Bruguiera cylindrica (L.)

Nama setempat :

Burus, tanjang, tanjang putih, tanjang sukim, tanjang sukun, lengadai, bius,
lindur.

Deskripsi umum :

Pohon selalu hijau, berakar lutut dan akar papan yang melebar ke samping
di bagian pangkal pohon, ketinggian pohon kadang-kadang mencapai 23 meter.
Kulit kayu abu-abu, relatif halus dan memiliki sejumlah lentisel kecil.
Daun : Permukaan atas daun hijau cerah bagian bawahnya hijau agak kekuningan. Unit
& Letak: sederhana & berlawanan. Bentuk: elips. Ujung: agak meruncing.
Ukuran: 7-17 x 2-8 cm.

Bunga :

Bunga mengelompok, muncul di ujung tandan (panjang tandan: 1-2 cm). Sisi
luar bunga bagian bawah biasanya memiliki rambut putih. Letak: di ujung
atau ketiak tangkai/tandan bunga. Formasi: di ujung atau ketiak tangkai/tandan
bunga. Daun Mahkota: putih, lalu menjadi coklat ketika umur bertambah, 3-
4 mm.
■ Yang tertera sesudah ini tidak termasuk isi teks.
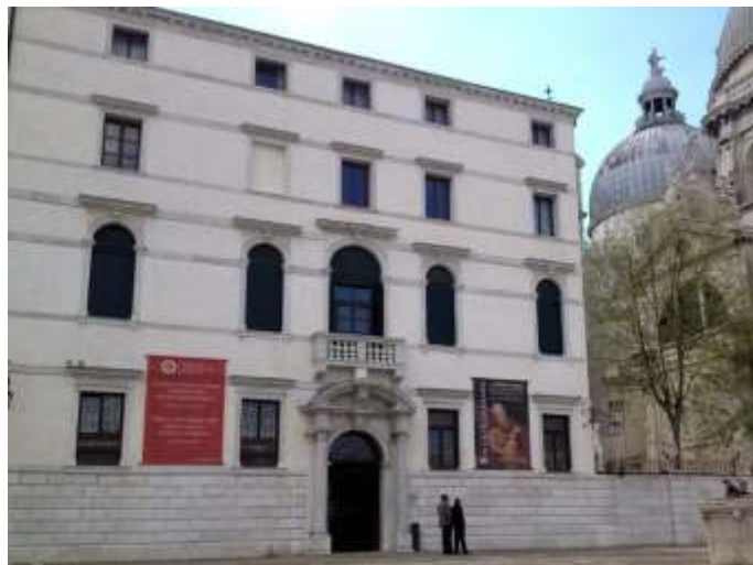
Il Seminario Patriarcale di Venezia in cui si trova la Cappella della Trinità
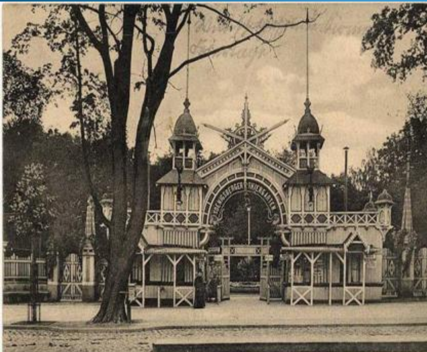
Königsberg i. Pr. Eingang zum Tiergarten.
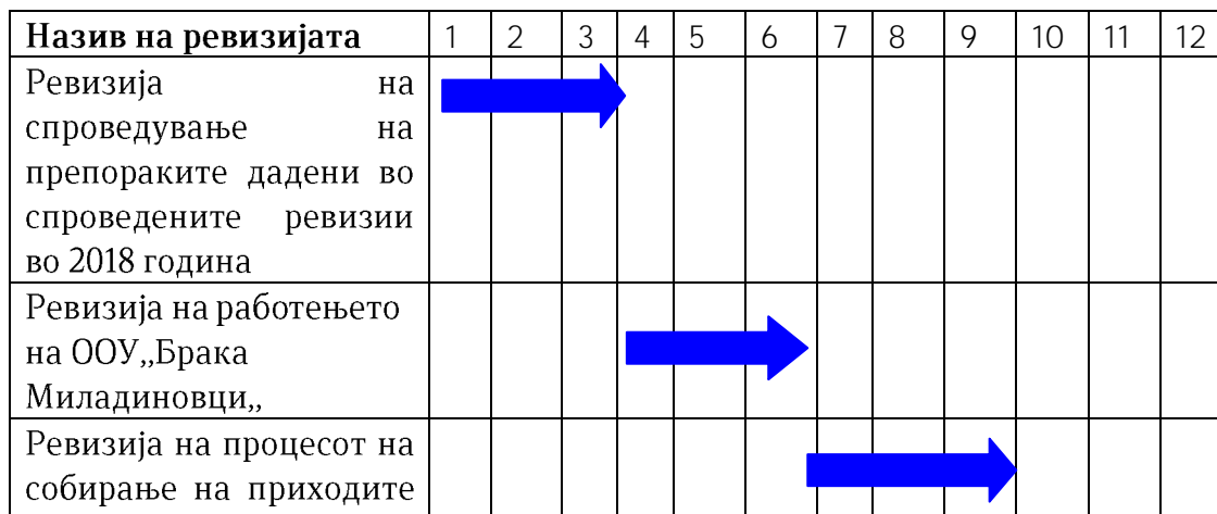
Табела 3: Годишен план на ревизијата-приказ по месеци

Планираните ревизии ќе бидат спроведени по следниот распоред:
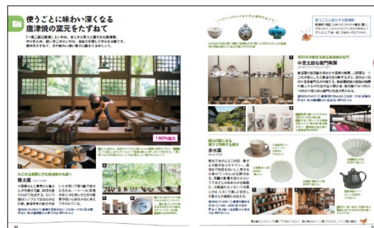
＜唐津焼紹介ページ例＞
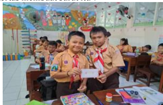
Gambar 6. Menguji Hasil Proyek

Berdasarkan hasil wawancara dengan narasumber guru kelas yang berinisial SW dengan pertanyaan "Bagaimana Ibu memastikan bahwa hasil proyek sesuai dengan tujuan pembelajaran?" narasumber menguraikan jawaban "saya menilai berdasarkan rubrik, dari cara mempresentasikan, kerapihan dalam proyek, struktur dalam pembuatan surat". Wawancara dengan narasumber peserta didik yang berinisial AF "Apakah kamu merasa puas dengan hasil proyek yang kamu buat? Mengapa?" narasumber menguraikan jawaban "saya sangat puas karena saya bisa menghias, menggambar, menggunting dan mewarnai di kertas membuat surat itu".
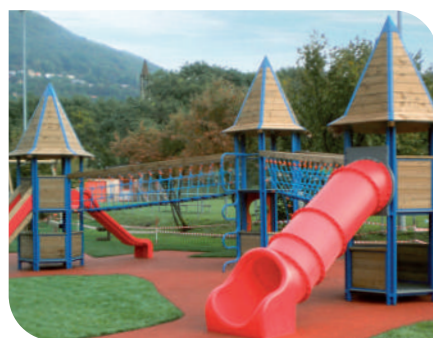
Illustration d'une combinaison de jeux «Ponte Capriasca» qui sera installée à Moudon (Fuchs Thun AG)

Pour rappel, la fermeture de la place de jeux Robinson s'est imposée depuis le 26 octobre 2022 car les anciennes installations présentaient un danger pour les enfants. Conformément à son programme de législation 2021-2026, la Municipalité a pour objectif d'offrir des infrastructures publiques adéquates. C'est dans ce cadre, qu'il est également étudié la réfection de la place de jeux des Terreaux.

Kelopak Bunga: 8; hijau kekuningan, bawahnya seperti tabung.


Buah :

Hipokotil (seringkali disalah artikan sebagai “buah”) berbentuk silindris
memanjang, sering juga berbentuk kurva. Warna hijau didekat pangkal buah
dan hijau keunguan di bagian ujung. Pangkal buah menempel pada kelopak
bunga. Ukuran: Hipokotil: panjang 8-15 cm dan diameter 5-10 mm.


Ekologi :

Tumbuh mengelompok dalam jumlah besar, biasanya pada tanah liat di belakang
zona Avicennia, atau di bagian tengah vegetasi mangrove kearah laut. Jenis
ini juga memiliki kemampuan untuk tumbuh pada tanah/substrat yang baru
terbentuk dan tidak cocok untuk jenis lainnya. Kemampuan tumbuhnya pada
tanah liat membuat pohon jenis ini sangat bergantung kepada akar nafas untuk
memperoleh pasokan oksigen yang cukup, dan oleh karena itu sangat responsif
terhadap penggenangan yang berkepanjangan. Memiliki buah yang ringan dan
mengapung sehinggga penyebarannya dapat dibantu oleh arus air, tapi
pertumbuhannya lambat. Perbungaan terjadi sepanjang tahun.


 Penyebaran : Asia Tenggara dan Australia, seluruh Indonesia, termasuk Irian Jaya.

Kelimpahan : Umum.

Manfaat :

Untuk kayu bakar. Di beberapa daerah, akar muda dari embrionya dimakan
dengan gula dan kelapa. Para nelayan tidak menggunakan kayunya untuk
kepentingan penangkapan ikan karena kayu tersebut mengeluarkan bau yang
menyebabkan ikan tidak mau mendekat.